My name is Michael Counihan, and I am a rising junior Chemistry and Music double major at Gettysburg College. I am interested in graduate school and doing research in the field of analytical chemistry. This summer is my first research experience, and I am splitting my time between the Frey and Thompson labs investigating lipid monolayers and nanoparticle surface-enhanced Raman spectroscopy, respectively.
Raman spectroscopy is a unique type of spectroscopy that utilizes inelastic (Raman) light scattering to give information about bonds in molecules. However, Raman signals are very weak since only about 1 in 1,000,000 electrons experience this inelastic scattering (the wavelength of light exciting the electron is different from the wavelength the electron emits as it jumps back down to a different lower energy state). To enhance this Raman scattering up to a million times, molecules can be brought close (within 5 nm) to the surface of certain substrates (in this case, gold nanoparticles); this is known as surface-enhanced Raman spectroscopy (SERS).

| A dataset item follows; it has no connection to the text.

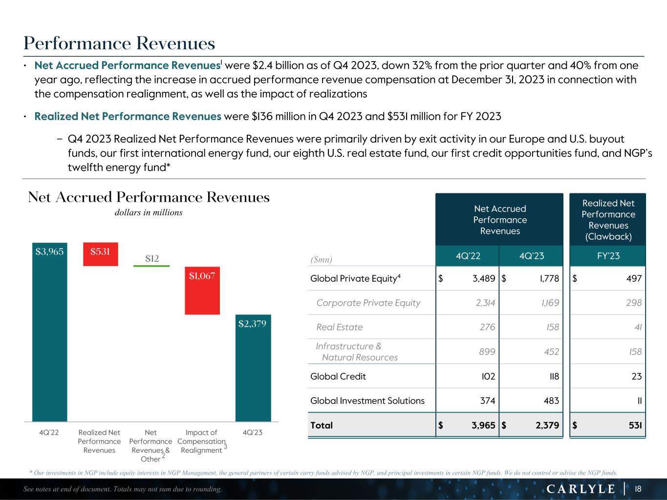 R-14 7 G-19 5 B-19 7 R-88 G-15 9 B-16 5 R-13 6 G-18 0 B-83 R-16 3 G-14 3 B-18 7 R-0 G-74 B-13 6 R-18 5 G-21 1 B-15 3 R-11 8 G-92 B-15 0 R-22 0 G-22 1 B-23 2 R-14 0 G-14 1 B-15 2R-12 0 G-16 9 B-22 2 Old Colors R-88 G-89 B-91 58595B R-23 G-234 B-234 EAEAEA R-208 G-232 B-247 D0E8F7 R-65 G-64 B-66 414042 R-8 G-51 B-94 08335E R-167 G-169 B-171 A7A9AB R-9 G-102 B-112 096670 R-220 G-221 B-222 DCDDDE R-97 G-161 B-224 61A1E0 R-237 G-217 B-157 EDD99D R-147 G-195 B-197 93C3C5 • Net Accrued Performance Revenues1 were $2.4 billion as of Q4 2023, down 32% from the prior quarter and 40% from one year ago, reflecting the increase in accrued performance revenue compensation at December 31, 2023 in connection with the compensation realignment, as well as the impact of realizations • Realized Net Performance Revenues were $136 million in Q4 2023 and $531 million for FY 2023 – Q4 2023 Realized Net Performance Revenues were primarily driven by exit activity in our Europe and U.S. buyout funds, our first international energy fund, our eighth U.S. real estate fund, our first credit opportunities fund, and NGP’s twelfth energy fund* $3,965 $3,434.0 $3,434.0 $2,367.0 $2,379 $531 $12 $1,067 4Q’22 Realized Net Performance Revenues Net Performance Revenues & Other Impact of Compensation Realignment 4Q’23 Performance Revenues 2 18 Net Accrued Performance Revenues Realized Net Performance Revenues (Clawback) ($mn) 4Q’22 4Q’23 FY’23 Global Private Equity4 $ 3,489 $ 1,778 $ 497 Corporate Private Equity 2,314 1,169 298 Real Estate 276 158 41 Infrastructure & Natural Resources 899 452 158 Global Credit 102 118 23 Global Investment Solutions 374 483 11 Total $ 3,965 $ 2,379 $ 531 See notes at end of document. Totals may not sum due to rounding. Net Accrued Performance Revenues dollars in millions $12 3 * Our investments in NGP include equity interests in NGP Management, the general partners of certain carry funds advised by NGP, and principal investments in certain NGP funds. We do not control or advise the NGP funds.

In Dr. Thompson’s lab, I am synthesizing gold nanorods of different lengths and concentrations to see which particles will give us the best signal enhancement. These particles are surrounded by a CTAB bilayer which keeps them stable. However, the bilayer will begin to collapse when the concentration of CTAB in the solution is too low (around 2-5 mM; aggregation occurs at less than 1 mM). When the bilayer collapses, it is brought closer to the surface of the particle, and signals from the aliphatic tails of the CTAB experience enhancement. My goal is to investigate how adding other molecules into the bilayer (right now, dihydroxynaphthalenes) affects the SERS signals of the CTAB as it collapses and use this data to gain information about this surfactant bilayer.
Life in the Lab applied Outside the Lab
While working in a research lab over the summer is obviously focused on learning about the research, there are many other things that happen when a summer is spent working in a scientific community. We have learned a great deal about communication skills and how to present my research to a broad range of audiences. In addition, the faculty we work with act largely as mentors, providing us with insight on graduate schools and our future endeavors, and bake us cookies once a week to help us make it through the struggles of research. The connections and skills gained this summer will prove useful as we continue on in our studies and in our lives.